"...make me an instrument of...

Recently I came across a message twice that read something like this: Unless you are capable of violence you are not capable of true peace because unless there is a streak of violence in you, you are essentially harmless.


I know the vocal and verbal violence I am prone to and the violence that lurks beneath the surface looking at all the injustice and unfairness in the world. It’s a violence that I manage to become aware of and try to keep under check and manage to do so, most of the time. But when it erupts, my family members and an occasional neighbour see it and hear it.


From the age of 10, I have been inspired by Mahatma Gandhi and what he tried to do with the lurking anger at the injustice of it all. I do not claim, by any stretch of imagination that I am anywhere close to him in terms of non-violence or his self-mastery.


Maybe I have a couple of generations to go and maybe I need to be meditative at least 8 hours a day in the midst of a noisy and chaotic traffic signal; daily for the next 3 - 4 years at least before I can achieve some degree of continuous self-awareness and self-regulation as they say in emotional intelligence.


But surprisingly I have been a huge fan of Sylvester Stallone for the character he created, played and kept reinventing from Rocky in 1976 to Rocky Balboa in 2006.


It was always hard to put to words why I and millions of people across the world and across generations have felt inspired by Rocky Balboa: both the character and that timeless background music track that uplifts one’s spirts to get up and fight once more and then once more and then once more and then some more.


Today as I finally watched the documentary Sly on Netflix I learnt a lot more about Rocky and his creator’s life shaping experiences that came out in the form of the Rocky series and the triggering experiences behind each of the films in the series.
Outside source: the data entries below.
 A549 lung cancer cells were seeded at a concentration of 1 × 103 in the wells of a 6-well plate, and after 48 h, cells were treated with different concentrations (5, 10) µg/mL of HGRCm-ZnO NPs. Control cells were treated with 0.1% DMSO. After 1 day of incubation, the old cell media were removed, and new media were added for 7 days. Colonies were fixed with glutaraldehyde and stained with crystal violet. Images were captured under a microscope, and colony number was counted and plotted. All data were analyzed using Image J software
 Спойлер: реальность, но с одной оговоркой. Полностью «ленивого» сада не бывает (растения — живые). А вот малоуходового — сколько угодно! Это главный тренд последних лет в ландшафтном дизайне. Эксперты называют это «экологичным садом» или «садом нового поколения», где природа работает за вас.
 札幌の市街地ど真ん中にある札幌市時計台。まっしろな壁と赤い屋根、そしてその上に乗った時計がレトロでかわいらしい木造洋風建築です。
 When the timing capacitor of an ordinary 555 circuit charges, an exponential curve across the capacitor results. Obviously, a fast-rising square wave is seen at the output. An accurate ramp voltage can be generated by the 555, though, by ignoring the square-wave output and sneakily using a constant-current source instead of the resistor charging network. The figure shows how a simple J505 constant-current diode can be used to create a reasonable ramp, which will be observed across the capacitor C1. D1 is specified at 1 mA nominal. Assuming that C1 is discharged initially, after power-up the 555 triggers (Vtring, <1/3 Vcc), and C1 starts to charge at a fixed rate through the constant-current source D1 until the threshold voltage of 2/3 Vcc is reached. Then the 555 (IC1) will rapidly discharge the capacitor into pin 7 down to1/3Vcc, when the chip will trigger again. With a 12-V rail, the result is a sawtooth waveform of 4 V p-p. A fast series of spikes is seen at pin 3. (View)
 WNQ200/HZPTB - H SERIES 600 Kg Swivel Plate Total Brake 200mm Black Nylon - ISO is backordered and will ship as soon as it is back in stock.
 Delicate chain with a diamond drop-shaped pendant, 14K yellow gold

And while I have my empathy and sympathy for Stallone for his regrets in life, I still remain grateful for what he created in his art work through the Rocky series and the film John Rambo that came out in 2008.
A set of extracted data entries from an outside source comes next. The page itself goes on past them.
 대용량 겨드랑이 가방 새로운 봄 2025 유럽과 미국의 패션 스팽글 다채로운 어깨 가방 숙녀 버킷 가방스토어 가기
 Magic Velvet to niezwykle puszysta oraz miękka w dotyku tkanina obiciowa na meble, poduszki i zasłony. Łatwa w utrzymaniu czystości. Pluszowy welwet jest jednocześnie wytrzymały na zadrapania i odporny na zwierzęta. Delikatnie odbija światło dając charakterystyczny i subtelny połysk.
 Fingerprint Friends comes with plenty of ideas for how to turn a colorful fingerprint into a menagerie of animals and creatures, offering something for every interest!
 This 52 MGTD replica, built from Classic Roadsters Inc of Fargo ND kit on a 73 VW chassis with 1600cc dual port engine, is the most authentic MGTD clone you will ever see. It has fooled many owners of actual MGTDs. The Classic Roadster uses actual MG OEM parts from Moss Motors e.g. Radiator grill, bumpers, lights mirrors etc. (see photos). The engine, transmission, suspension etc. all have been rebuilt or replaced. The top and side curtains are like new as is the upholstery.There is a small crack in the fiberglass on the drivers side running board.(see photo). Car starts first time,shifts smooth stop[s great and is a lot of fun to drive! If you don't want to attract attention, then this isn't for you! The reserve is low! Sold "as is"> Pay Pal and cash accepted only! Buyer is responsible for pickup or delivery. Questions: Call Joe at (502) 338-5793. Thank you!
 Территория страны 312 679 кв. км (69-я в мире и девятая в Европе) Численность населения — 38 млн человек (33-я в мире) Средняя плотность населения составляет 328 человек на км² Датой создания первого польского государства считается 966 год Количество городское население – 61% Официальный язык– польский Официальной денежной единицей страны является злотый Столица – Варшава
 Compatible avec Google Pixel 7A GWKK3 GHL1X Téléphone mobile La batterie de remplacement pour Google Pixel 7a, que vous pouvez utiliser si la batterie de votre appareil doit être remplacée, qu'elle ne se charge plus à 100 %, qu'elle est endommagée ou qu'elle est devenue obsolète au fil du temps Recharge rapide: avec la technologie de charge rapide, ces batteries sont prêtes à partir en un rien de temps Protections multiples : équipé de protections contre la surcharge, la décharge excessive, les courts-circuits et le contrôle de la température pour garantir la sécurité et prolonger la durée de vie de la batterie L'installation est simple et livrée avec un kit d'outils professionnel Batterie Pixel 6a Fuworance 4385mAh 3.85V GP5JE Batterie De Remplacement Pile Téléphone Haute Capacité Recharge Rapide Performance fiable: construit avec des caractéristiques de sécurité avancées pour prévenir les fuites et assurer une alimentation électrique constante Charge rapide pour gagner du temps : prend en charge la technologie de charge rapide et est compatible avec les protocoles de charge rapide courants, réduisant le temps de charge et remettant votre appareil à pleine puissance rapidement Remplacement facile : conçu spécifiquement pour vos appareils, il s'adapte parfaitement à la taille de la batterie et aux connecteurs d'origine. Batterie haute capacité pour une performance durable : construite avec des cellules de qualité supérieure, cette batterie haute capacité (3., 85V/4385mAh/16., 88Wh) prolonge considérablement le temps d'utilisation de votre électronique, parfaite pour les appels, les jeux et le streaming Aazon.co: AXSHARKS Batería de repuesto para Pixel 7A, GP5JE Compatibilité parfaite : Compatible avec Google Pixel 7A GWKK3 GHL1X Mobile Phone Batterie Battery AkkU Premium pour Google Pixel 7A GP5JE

Even as an atheist I still have a collection of prayers that I have retained from my childhood.


When I watched John Rambo in 2008, I was quite perplexed to see Stallone use one of my favourite prayers by Saint Francis of Assisi in a scene before he departs to rescue the hostages through a gory blood bath.
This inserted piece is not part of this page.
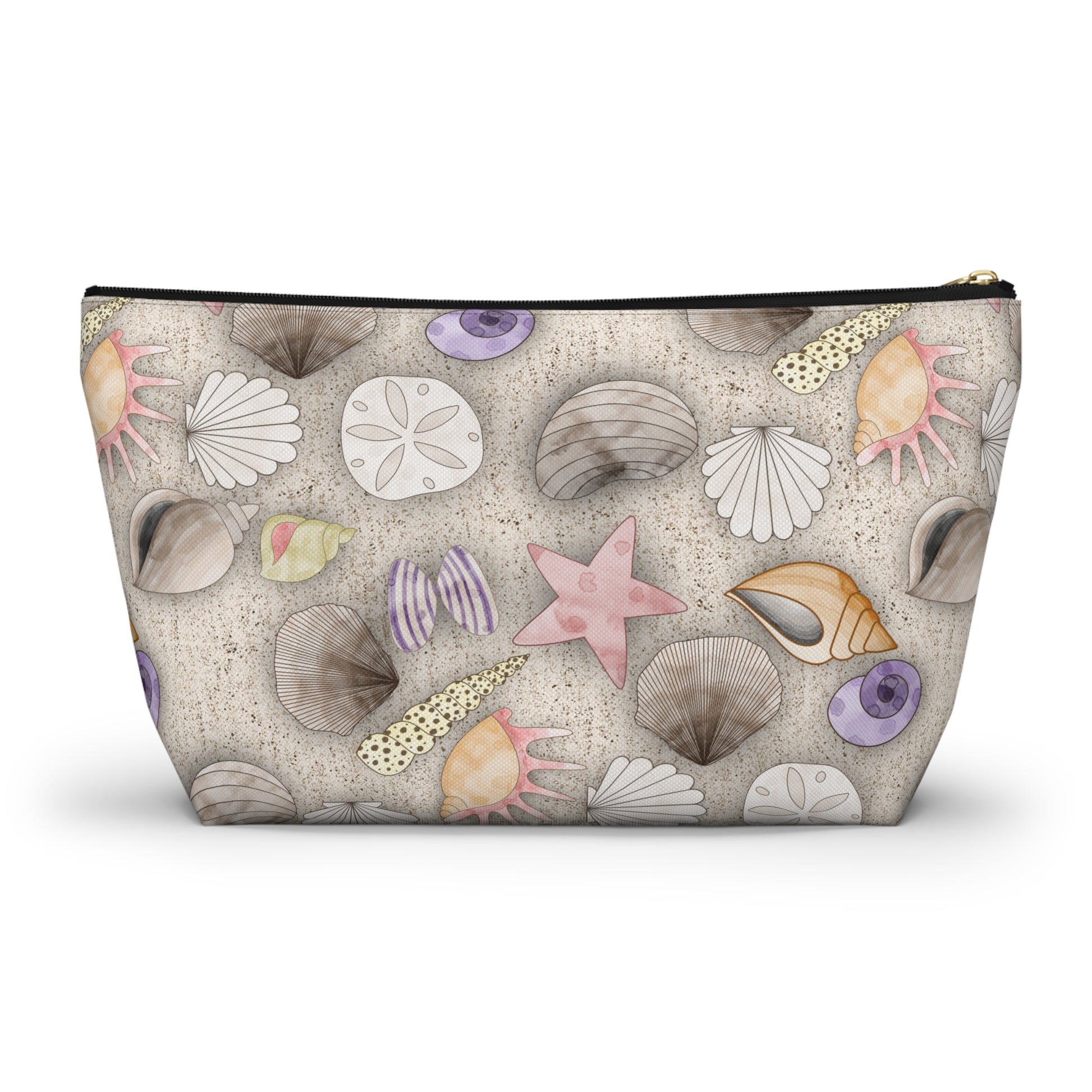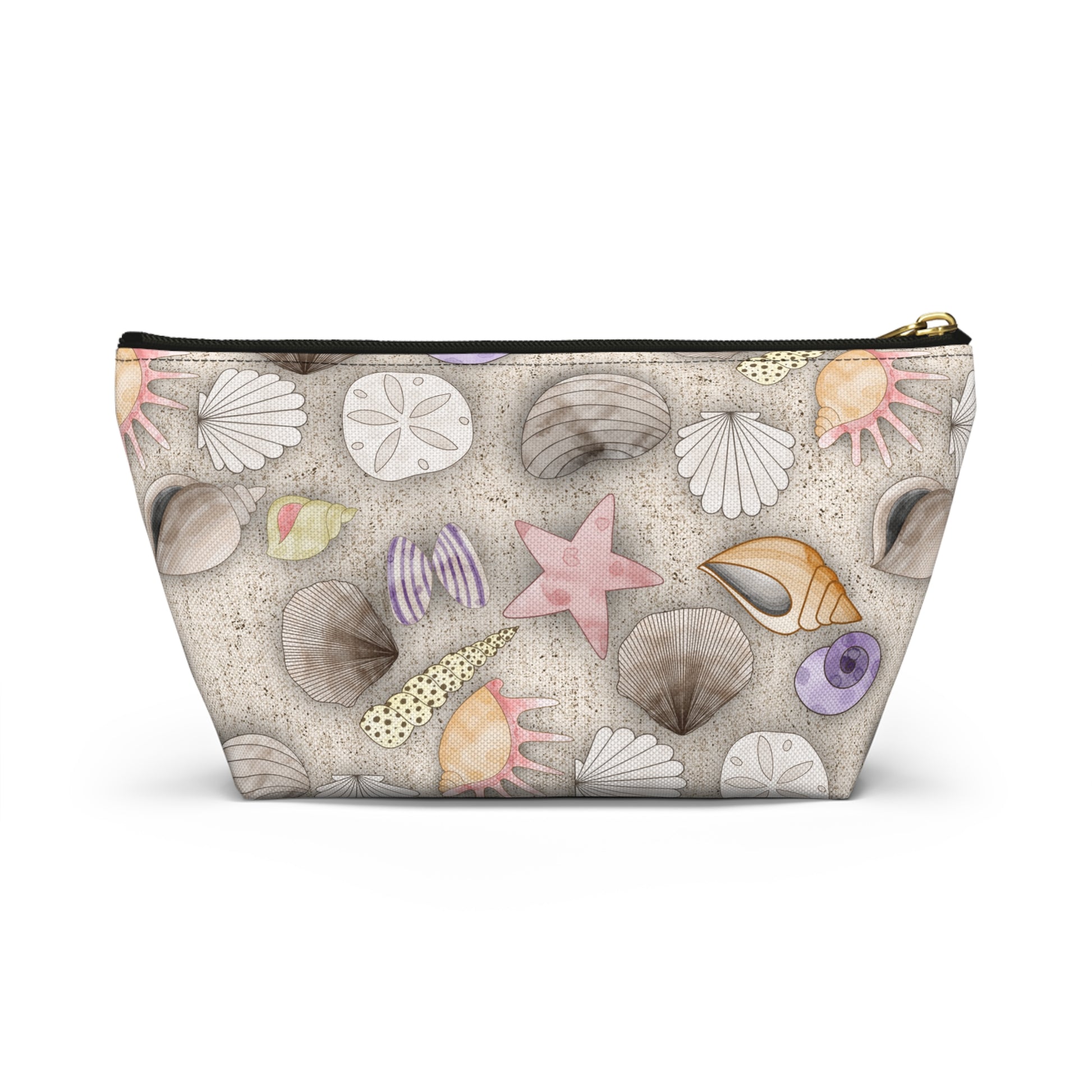 A soft, sandy-hued accessory pouch illustrated with delicate seashells, starfish, and sand dollars. Lightweight yet structured thanks to spun polyester and a T-bottom that lets it stand upright on a vanity or beach towel. The design feels like a gentle seaside walk at low tide—muted pastels and natural textures that soothe rather than shout. Use it to keep everyday essentials organized: makeup, sunscreen, chargers, or coins. The gold zipper pull adds a warm, finished touch against the coastal palette, and the interior laminate protects against spills and moisture so it travels well from handbag to shore.

But today I understand better.


It’s easy for someone like my wife to be peaceful because she is born one but for someone like me with a default value of fairness and truthfulness and compassion being an acquired value, the challenge and struggle is real and daily.


As I got up from the documentary and washed my face to write this, the following lines emerged out of me:


I am looking at a face that won’t exist soon

I am looking at face that would change forever as it has in the past 49 years

I am looking at what would soon become a memory

And a memory that might fade soon thereafter for me and others.

So what am I really looking at?


I know not what destiny holds for me.


Destiny is a word that I don’t understand when I look at the injustice and unfairness of things in the world.


And yet I know that it is not for me to know and figure out everything as I too am meant to die with more questions un-figured than sorted.


In the end, I take refuge in two of my favourite prayers and Captain Nathan Algren’s reply in the film The Last Samurai: “A man does all he can till his destiny is revealed to him.”